What This Means For You
If you have this toolkit in production, check the audit log.
The agent ID it records comes from caller input. Nothing on the request path verifies that the caller is the agent it claims to be. An attacker spoofing the header gets attributed to whichever identity they chose to send.
Hand this to an auditor in the .NET case with default configuration and you are handing them a single-subject log of every action regardless of caller. The store behind that log is in-memory, does not survive a process restart, and breaks chain integrity on overflow. The trust primitives the marketing describes are in fact written, tested, and imported. No production code path calls them, so they may as well not exist.
This is the failure pattern to watch for in every AI agent governance product, not just this one.
Vendors are racing to ship “zero-trust identity” and “cryptographic verification” for agents because the OWASP Top 10 for Agentic Applications calls out Identity and Privilege Abuse (ASI03) and procurement asks vendors to demonstrate the mitigation. The primitives are the easy part.
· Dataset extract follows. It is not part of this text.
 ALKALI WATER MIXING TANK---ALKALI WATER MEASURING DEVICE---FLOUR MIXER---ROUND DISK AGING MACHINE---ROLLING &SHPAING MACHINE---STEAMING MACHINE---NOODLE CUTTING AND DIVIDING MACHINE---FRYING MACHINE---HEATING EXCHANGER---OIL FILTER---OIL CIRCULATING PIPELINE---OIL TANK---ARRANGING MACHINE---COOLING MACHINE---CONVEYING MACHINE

Wiring them into the request flow such that they actually run before audit, policy, and rate-limit consumers see the agent ID is the part that does not happen by accident.
What To Do
Audit any deployment of this toolkit for three things.
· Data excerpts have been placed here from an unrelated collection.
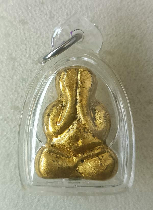 พระปิดตาวัดซับลำใย รุ่นเงินไหลมา เนื้อผงปิดทอง ปี 2542 จ.ลพบุรี ( หลวงปู่หมุน วัดบ้านจาน ปลุกเสก ) พร้อมเลี่ยม + บัตรรับรอง |
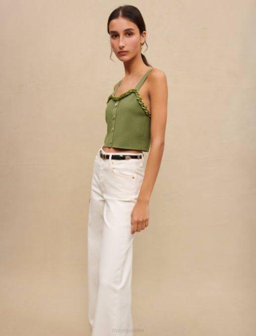 ce crop top orné de chaînes entrelacées en caoutchouc mat présente des boutons élaborés et peut être enfilé sous un blazer ou la veste assortie.
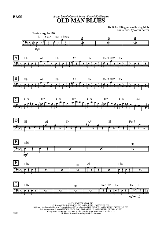 "Old Man Blues - Bass" Sheet Music by Duke Ellington

First, find every path where an agent ID enters the system from caller input (HTTP header, request body field, method parameter, SDK construction config) and confirm whether anything between that input and the governance consumers verifies the caller. In any deployment that follows the toolkit’s documented integration pattern, the answer will be no.
Second, in the .NET integration, do not rely on the default ClaimsPrincipal probe. Configure ASP.NET authentication middleware explicitly, populate one of the three claim names the toolkit reads, and treat any appearance of “did:mcp:anonymous” in your logs as a configuration alarm rather than expected output.
Third, do not treat the in-memory audit log as durable evidence. If you have a compliance obligation that touches agent activity, route audit entries to external persistent storage on write, not via post-hoc export. The chain integrity check is broken under normal operation, and nothing calls it anyway.
If you are evaluating any AI agent governance product, send an unsigned request to the running system and see if it’s rejected.
The test suite proves only isolation. A real test proves the primitive runs when a request arrives. A review focused on either surface alone misses this. I had to look across both to see it.
The Class Remains
The agentmesh toolkit ships authentication primitives in every language port with zero production callers in any of them. The verify_peer primitive in three ports signs values it chooses with keys it already holds and verifies its own signature. The audit subsystem is in-memory only, breaks chain integrity under normal load, and has zero callers of the integrity check. The same crate ships twice. Patches will close specific paths while the class remains open.